Она часто думала о его рано ушедшей матери, о том, каким Иосиф был с нею, и как ей было с Иосифом.
Когда-то давно спросила мужа о его первой жене:
— Какая она была?
— Никогда не спрашивай меня о Катерине. Она была блаженная, — был краткий ответ.
Вкладывал ли бывший семинарист в слово «блаженная» его истинный смысл, или смысл иронический, Надежда не поняла.
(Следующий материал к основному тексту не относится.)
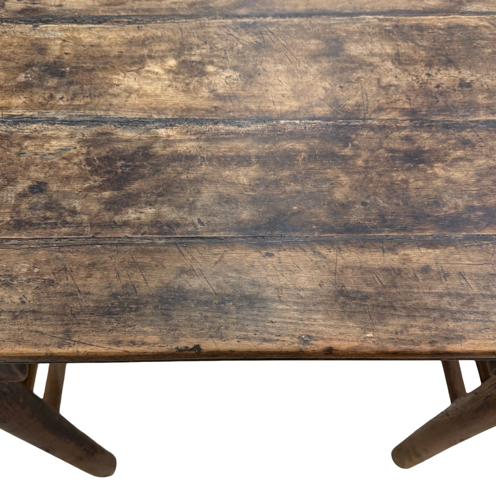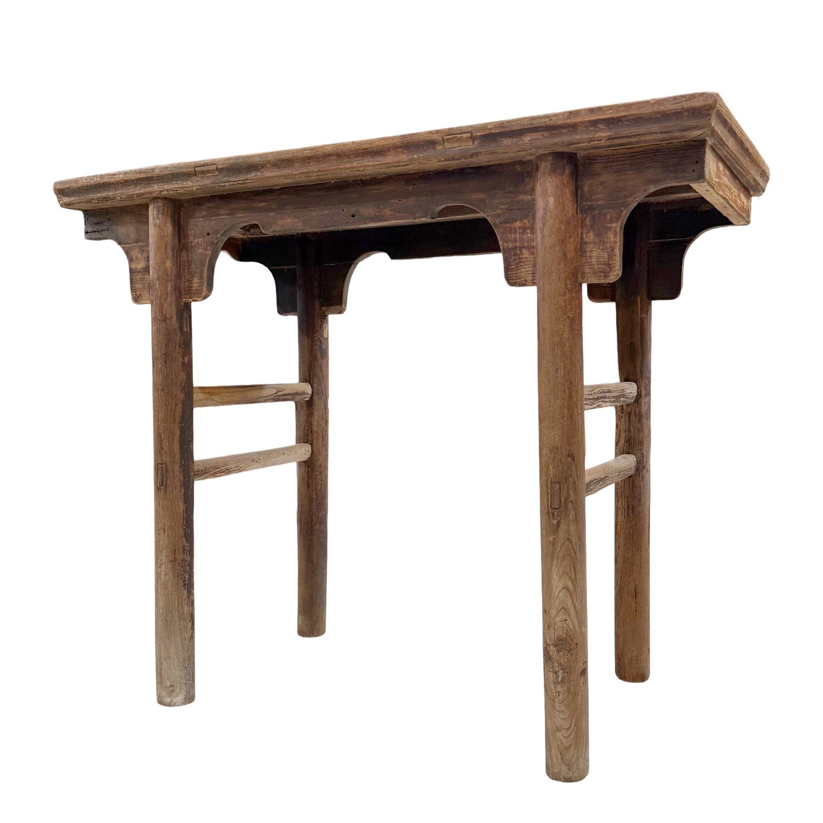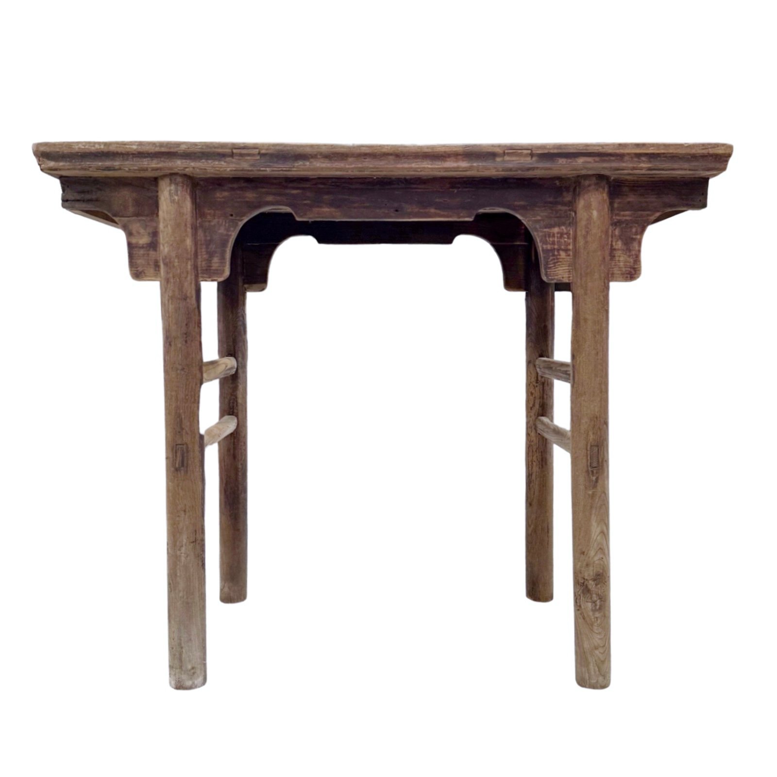 An antique Elmwood wine table from Shandong province, approx. 100-120 years old. This wine table has a classic Ming-style design and elegant round legs. The patina on this piece is very beautiful and has been preserved with a clear matte lacquer finish.

Но вот что Яков был настоящим блаженным ощущала остро. Ощущала и очень боялась за него. Не напрасно боялась: его попытка самоубийства подтвердила её страхи. Он стрелялся на кухне, стрелялся вроде бы от несчастной любви, но она то знала, что это был последний жест отчаяния, последняя надежда услышать, наконец, от отца слова сострадания и любви. Услышал: «Хе, не попал! Даже застрелиться не можешь!»
Что же ей хочется знать о его матери? Что она была очень хороша собой — помнят все кто знал её. Что шила себе и сестрам удивительно красивые платья — рассказывала Марико, а вот отец рассказал как-то только ей, что в 1907 году в Баку пришел по какому-то партийному делу к Иосифу.
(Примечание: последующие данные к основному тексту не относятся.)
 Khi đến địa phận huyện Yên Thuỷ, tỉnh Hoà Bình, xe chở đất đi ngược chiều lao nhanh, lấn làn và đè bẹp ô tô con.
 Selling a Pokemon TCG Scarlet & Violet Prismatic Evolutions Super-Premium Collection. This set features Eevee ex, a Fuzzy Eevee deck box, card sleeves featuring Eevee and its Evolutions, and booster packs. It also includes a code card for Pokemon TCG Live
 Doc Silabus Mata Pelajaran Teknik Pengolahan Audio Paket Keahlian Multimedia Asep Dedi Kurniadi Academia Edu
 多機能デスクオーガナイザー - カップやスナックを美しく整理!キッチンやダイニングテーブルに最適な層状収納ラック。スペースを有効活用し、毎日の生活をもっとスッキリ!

Тот снимал у турка жалкую глиняную лачугу на Баилове — всего одна комната. Когда отец вошёл, Иосиф и его молодая жена сидели за столом и ели. Увидев незнакомца, Катерина вместе с тарелкой спряталась под стол и не вылезала, пока незнакомец не распрощался. Иосиф, словно бы и не заметил этого.
— Ты знаешь, она была такой юной и такой прекрасной, я запомнил её.
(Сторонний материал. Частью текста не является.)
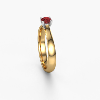 The ring shown above is called the Sam, we call this a solitaire ring because it contains a single gemstone. The engagement ring is made in 14 Carat gold and has a round ruby of 4.2 mm. This classic gold solitaire ring with exquisite round ruby is a beautiful engagement ring. The open prong setting allows light to strike the gemstone from various angles. The ring also stands out because of the high positioning of the gemstone. Because diamonds symbolize true love and purity, they make the perfect gift for the love of your life. The symbol of eternal love is the centerpiece of this solitaire ring. Like a diamond, all other types of precious metal have their own attributed symbolic meaning. You can compile the solitaire engagement ring yourself in various precious metal combinations. This one has the combination of 14 Carat gold with white gold. Each piece of jewelry is made just for you, with attention to detail and design.After receiving your order, our goldsmiths will passionately start the creative process of making your engagement ring in our own studio. Because we don't have a big stockpile, these costs will not be passed on to you. Our pricing is proof of that! We offer top quality jewels at lowest price, guaranteed.Our team adds new designs to our online collection daily. Our designers and goldsmiths work together in creating the best design. We strive to offer a diverse collection of jewels. Perhaps you have a specific jewel design in mind. One you came across somewhere. Please contact us for a free consultation. We will make you an offer, based on a fair price/ quality ratio, that will baffle you.To make it easier for you, we offer a 30 day return policy. Check our terms and conditions.
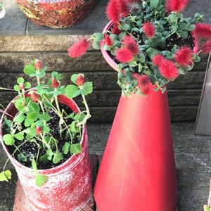 今年のお庭はこれで決定🙆 トリフォリウムバニーズを大きな鉢に移して、ようやくスノーサンゴを鉢に植えました👏 でもスノーサンゴとっても弱ってしまって、葉がボロボロです😭 調べると実がなってる間は肥料はあげないほうが良いみたいですが、葉があまりにボロボロで…それでも肥料はない方がいいんですかね…?💦 奥にはまだ双葉のバジルがいます🌱 こちらもまだ成長の見込みがありません… 手前の去年からの挿し芽キャットテールも大きくなる様子がありません😖 どうか枯れないで皆元気に育って欲しい😭 バーベナは順調に綺麗なお花を咲かせてくれてます🌼
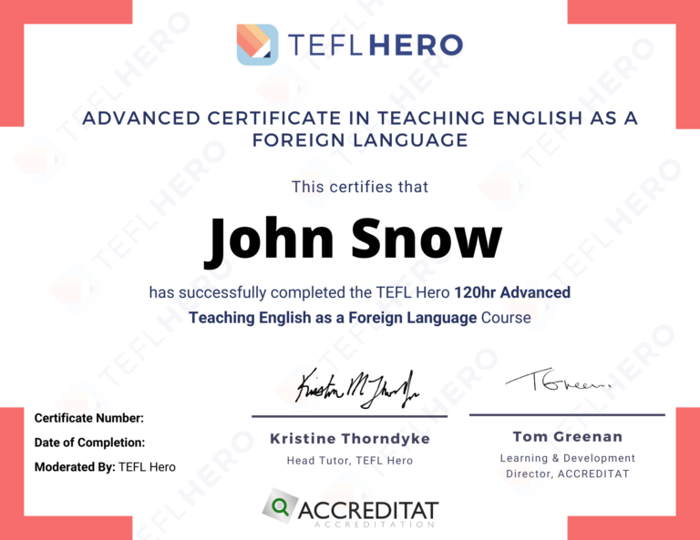 Once you pass your final examination, you will receive a digital copy of your TEFL certificate immediately. From there, you may print out your TEFL certificate from anywhere in the world! For a more formal touch, we recommend printing onto a quality cardstock paper.
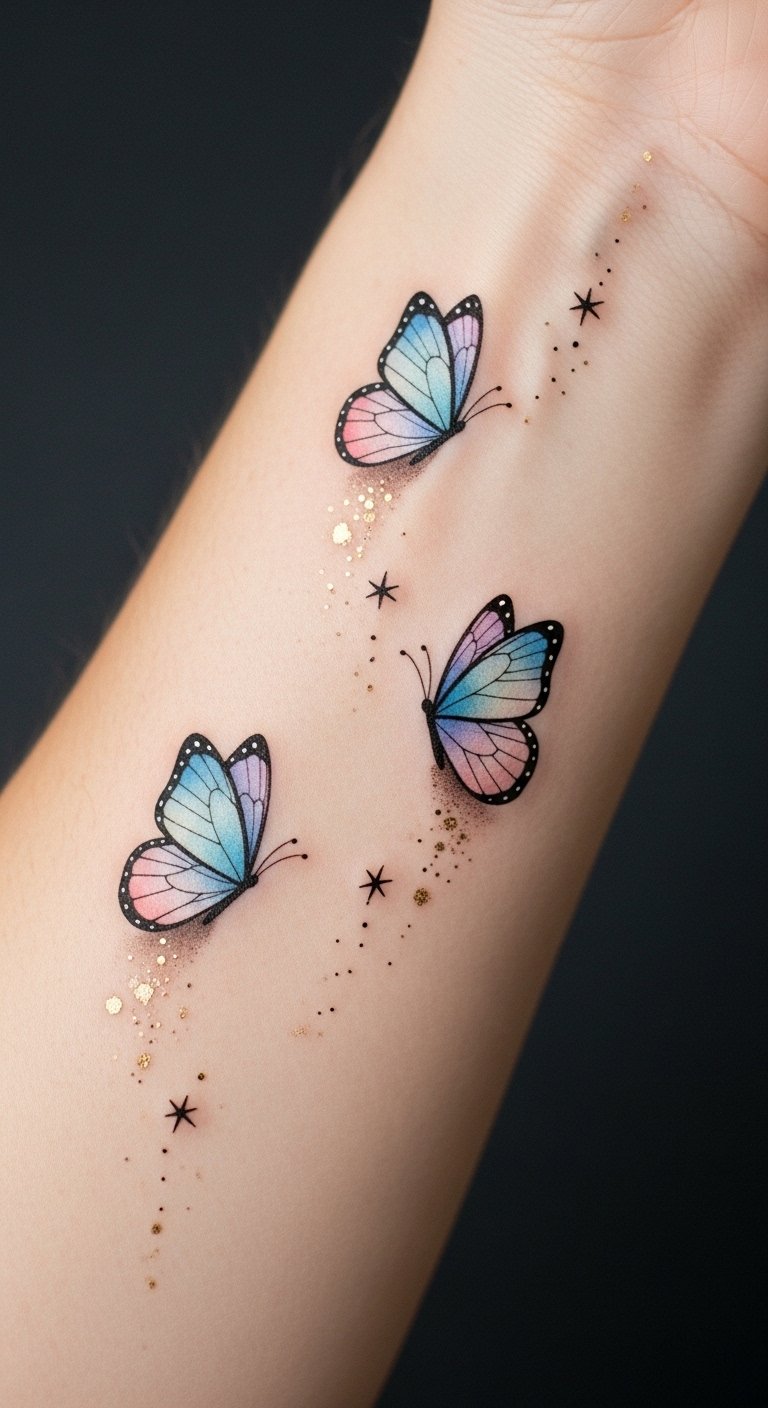 Adorn your body with these enchanting creatures, and feel your confidence soar. This design emphasizes metamorphosis and hope through soft watercolor tones and upward motion, evoking calm resilience and joyful rebirth; placement along the forearm or collarbone lets the butterflies appear in flight when the wearer moves, creating an intimate visual narrative that feels both personal and liberating, suitable for someone marking a major life change or seeking a daily reminder to embrace growth.
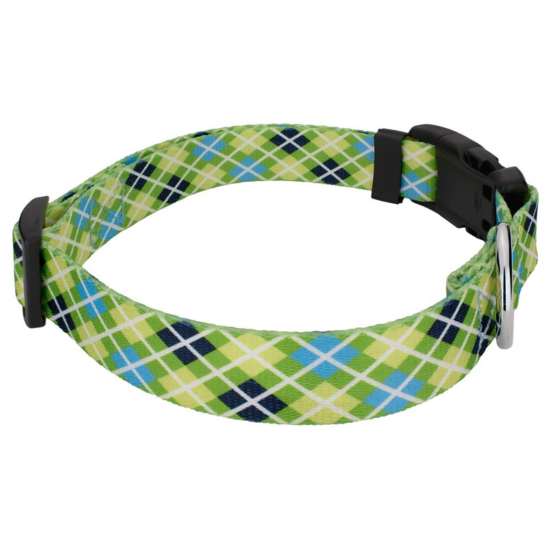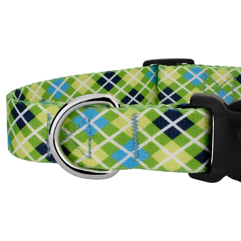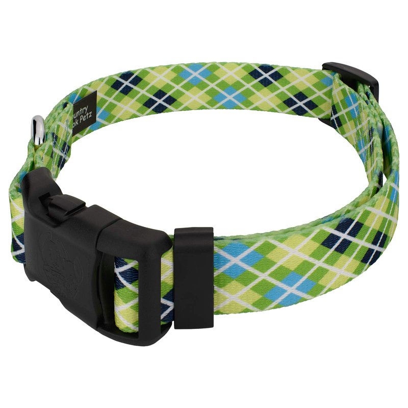 It's 5 o'clock at Country Brook Petz and we have just the design for your argyle, toes in the sand needs. This classic design features vibrant blue and black diamonds contrasting against rich shades of Margarita green; white diamond outlines bring the pattern together. These deluxe patterned collars are a safe, comfortable, collar made right here in the U.S.A. We like to give you the assurance that our dog collars are made to last so we construct with YKK contoured side release buckles, strong polyester webbing, heavy-duty wide-mouth triglides, and heavy welded D-rings. Our polyester collars are ribbed, soft, and sleek to the touch with a little bit of a sheen; we make sure that your pet shines like the star they are. We know that you have your pet’s comfort and safety as a top priority, so do we. The Extra Small, Mini and Micro are still reliable with a 700 lb. tensile strength, even though they may seem delicate. We want your furbaby to be able to show the world their new collar immediately, so be sure to measure for the right size. You can check this out by using a string, or tape measure, to see where the collar will fit snugly and comfortably on your dog’s neck. These stylish prints work well with both boy and girl puppers.

Два года назад, когда после попытки самоубийства, спасаясь от насмешек отца, Яша уехал в Ленинград к её отцу Сергею Яковлевичу (Сергей Яковлевич, в свою очередь спасался в Ленинграде от вздорной жены), так вот два года назад после очередной ссоры с Иосифом она тоже умчалась к отцу, и однажды они сидели с Яковом в полутёмной комнате, и она вдруг подумала, что он проживёт недолго и погибнет в тридцать три. Почему именно в тридцать три? Она не веровала, в гимназии Закон Божий был нелюбимым предметом, жила совсем другим — музыкой, литературой, идеями, а потом уж и вовсе — смешно говорить, ведь все семейство — активнейшие участники Революции, Гражданской войны.
Откуда же взялось такое предчувствие? Не от того ли горячечного бреда-видения Якова с поднятыми руками в исподнем.
А, может, от того давнего апрельского вечера, когда брела домой, а ноги не несли от страха встречи с ним, неожиданно поднялась по ступеням, вошла в Храм Сампсония и попросила горячо, по-детски, чтобы один человек полюбил её так же сильно, как она его любит. А Бог смотрел осуждающе и лицо у него было таким, какое сейчас у Якова — с огромными, полными тоски, глазами, с впалыми щеками и раздвоенным подбородком.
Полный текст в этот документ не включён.